In Paul Krugman's latest column, he talks up Switzerland's 1994 healthcare reform.
"Switzerland offers the clearest example: everyone is required to buy
insurance, insurers can't discriminate based on medical history or
pre-existing conditions, and lower-income citizens get government help
in paying for their policies."
Like the United States, Switzerland used to have a lot of for-profit
health insurance firms. After the reform, insurers were obligated to
offer health insurance plans on a non-profit basis. They can offer
other insurance policies on a for-profit basis, and offering
supplemental coverage has been a big source of growth for them. The
vast majority of universal health systems built around private insurers
have a similar non-profit requirement. The United States is definitely
the outlier here.
The Democrats presented the public option as a matter of choice. Why
not let consumers choose a leaner, more efficient system? But as
Gregory Mankiw has observed, a public provider is fundamentally
different from a private provider: it can't really go out of business.

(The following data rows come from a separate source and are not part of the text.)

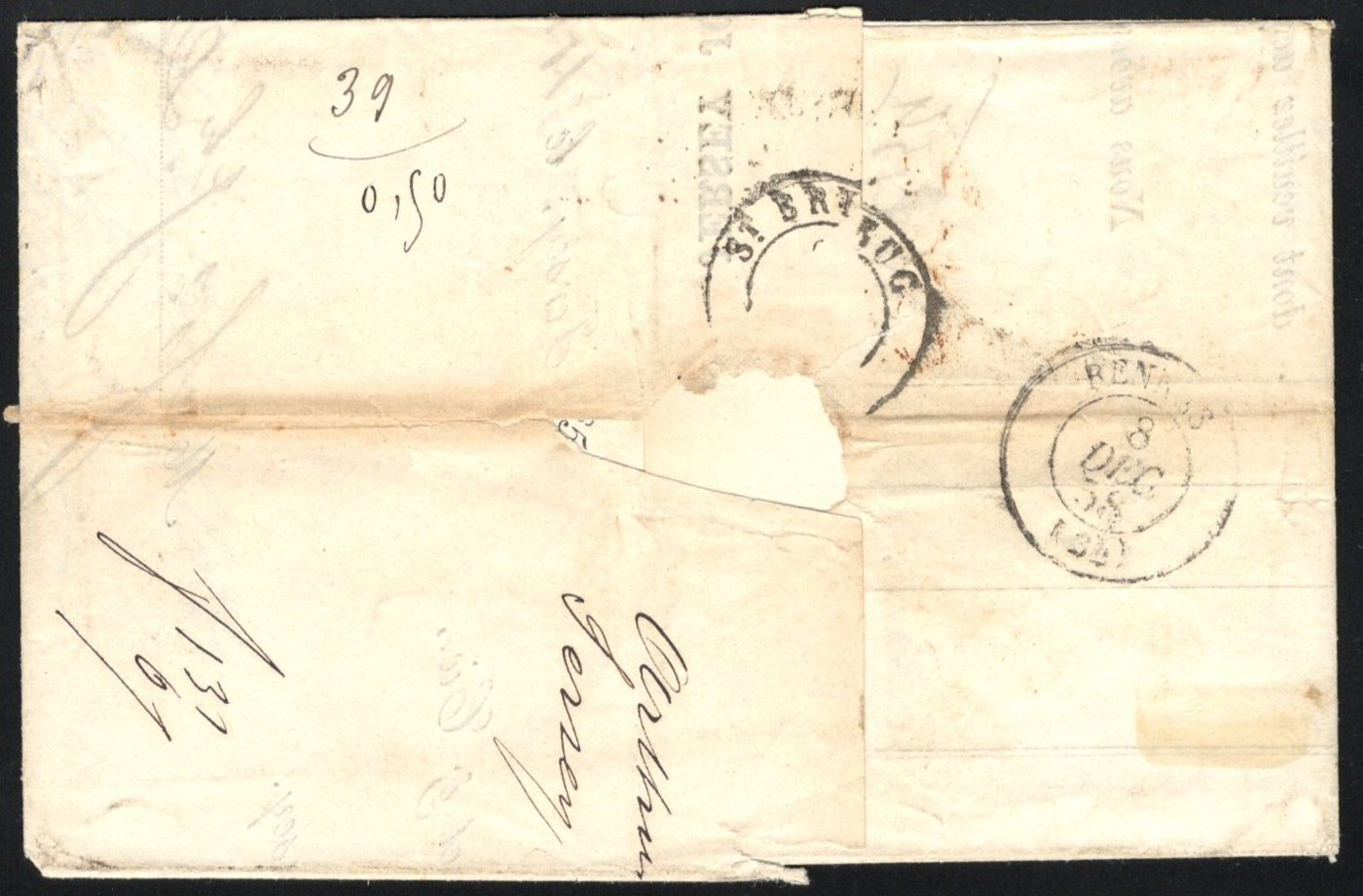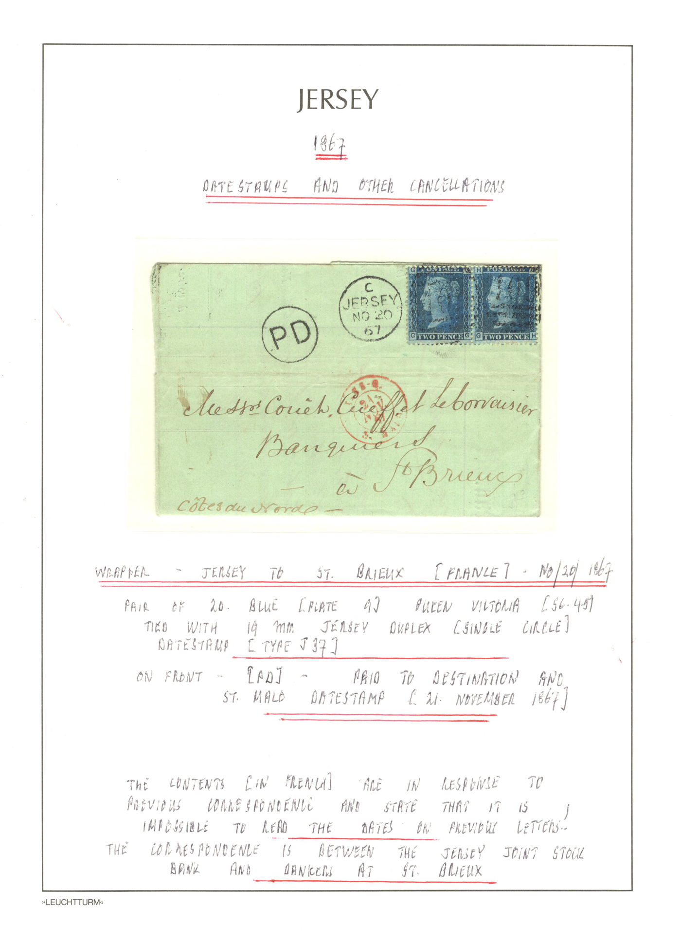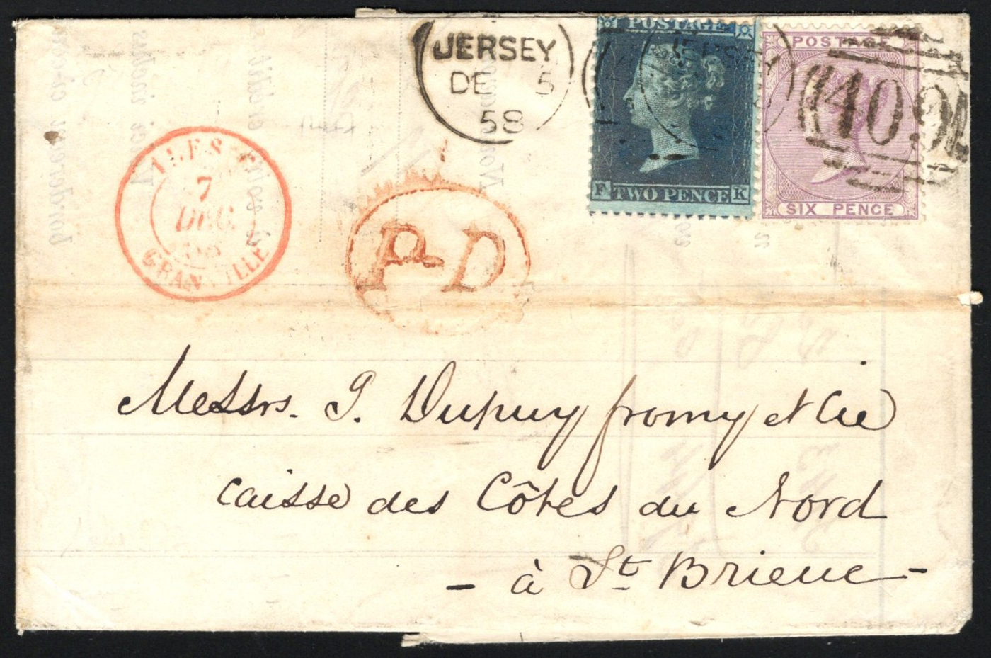 1314 CVR   image1858 8d Banking Receipt Mailed Jersey to France, a receipt from the Jersey Joint Stock Bank mailed on DEC.5.1858 (Jersey 409 duplex) to St Brieuc (France, just south west from Jersey) with part receiver on back. The receipt is franked with a fine 6d (Scott 27) and 2d (plate 5) Queen Victoria issues, both tied by the duplex, and there is circled "PD" (paid to destination handstamp and a red DEC.7 Granville French entry transit datestamp on front, and a DEC.8 Rennes transit on back (unusual, as Rennes is much further inland going south). A fine and scarce item. (Scan 1) (Scan 2) (Scan 3) (All Scans)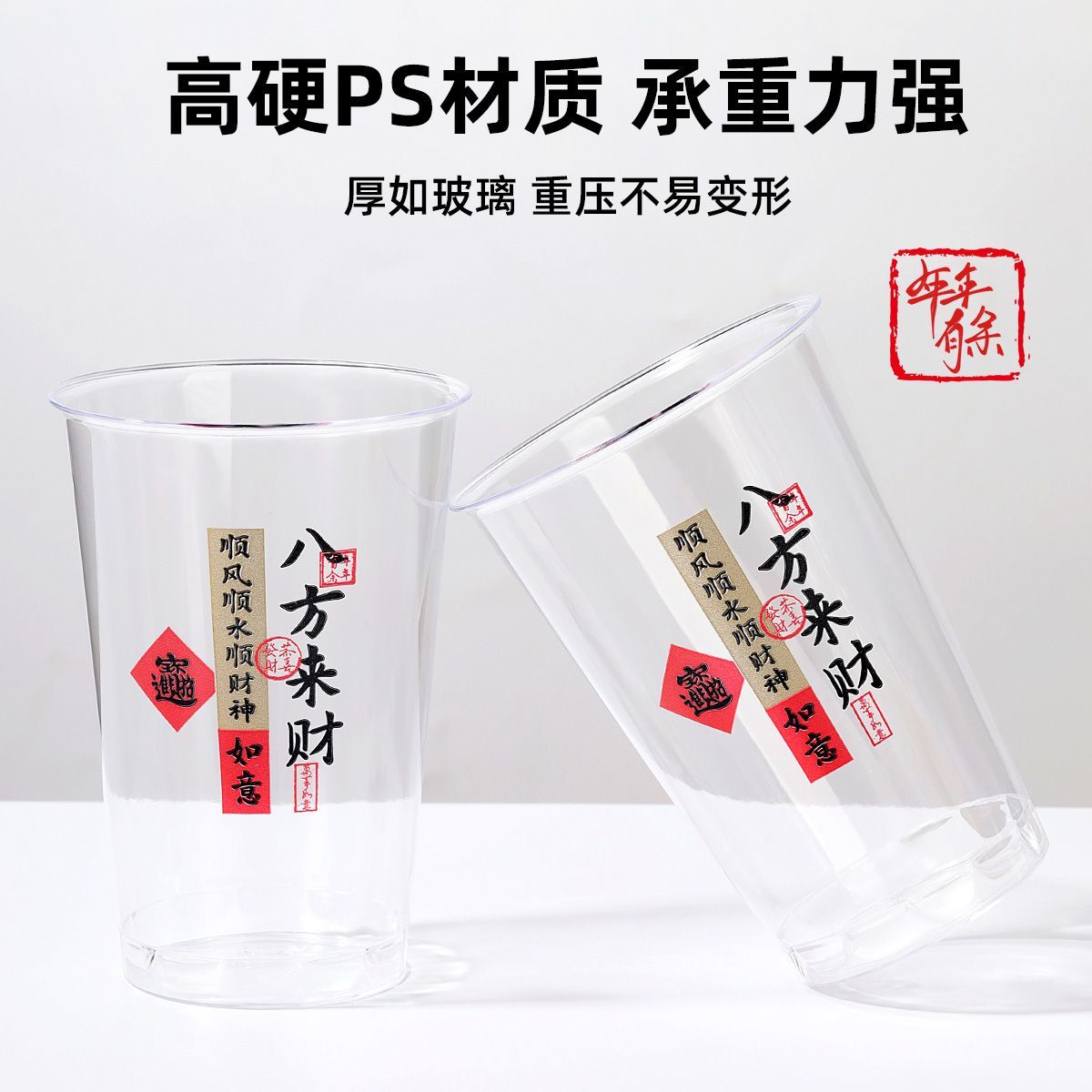 八方来财一次性杯子硬质航空杯塑料杯加厚透明过年招待杯家用饮杯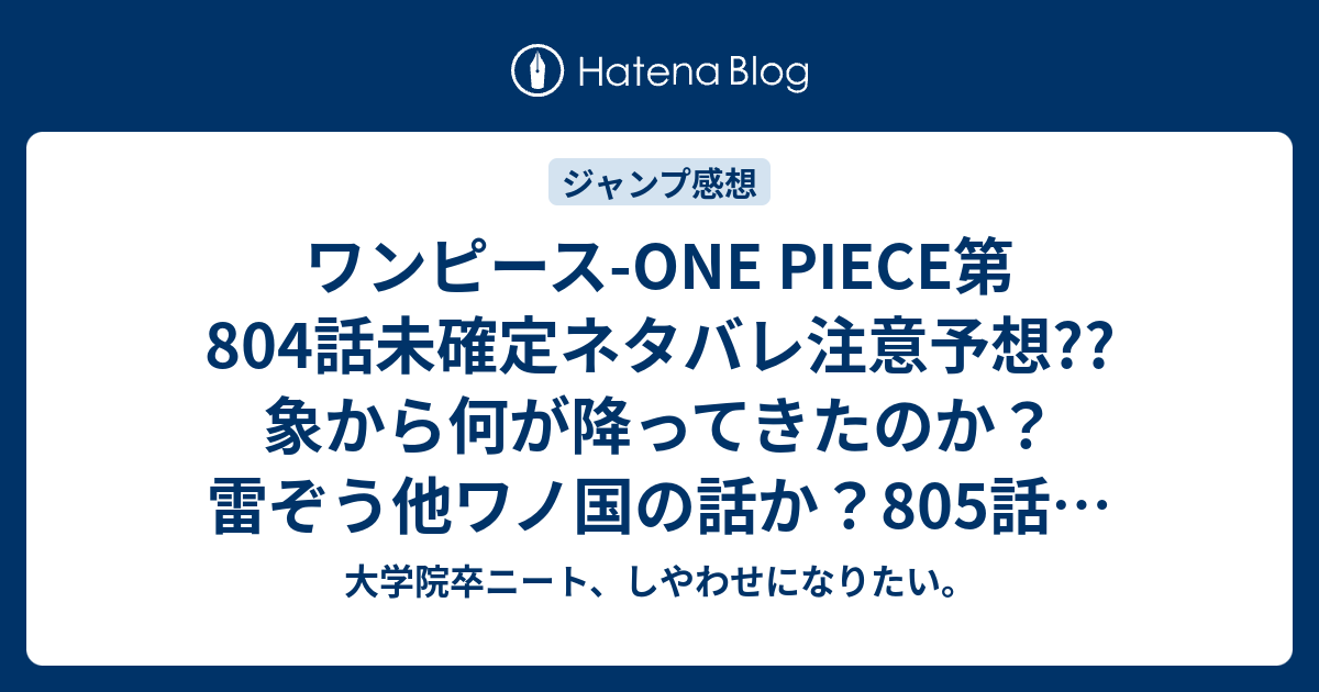 ワンピース One Piece第804話未確定ネタバレ注意予想 象から何が降ってきたのか 雷ぞう他ワノ国の話か 805話で登象完了か 47号は休載で載ってない こちらジャンプ感想次回 画バレないよ 大学院卒ニート しやわせになりたい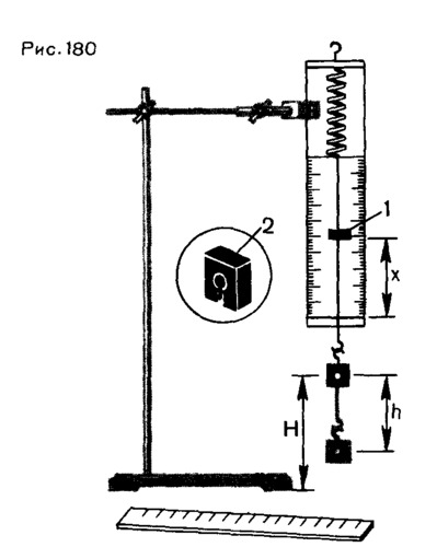 Если поднять груз, висящий на крючке динамометра, так, чтобы пружина не была растянута, то потенциальная энергия груза по отношению, например, к поверхности стола равна mgH. При падении груза (опускание на расстояние x = h) потенциальная энергия груза уменьшится на

"Even if one accepts the president's broader goals of wider access to
health care and cost containment, his economic logic regarding the
public option is hard to follow. Consumer choice and honest competition
are indeed the foundation of a successful market system, but they are
usually achieved without a public provider. We don't need
government-run grocery stores or government-run gas stations to ensure
that Americans can buy food and fuel at reasonable prices."
"An important question about any public provider of health insurance is
whether it would have access to taxpayer funds. If not, the public plan
would have to stand on its own financially, as private plans do,
covering all expenses with premiums from those who signed up for it."
"But if such a plan were desirable and feasible, nothing would stop
someone from setting it up right now. In essence, a public plan without
taxpayer support would be yet another nonprofit company offering health
insurance."
The case for co-ops is simple: we don't have enough non-profit
insurers. Let's encourage the creation of more of them. This might be
wrong. But the potential upside is considerable and the potential
downside is negligible. Bitter opposition to the idea suggests that the
right is needlessly hostile to reform.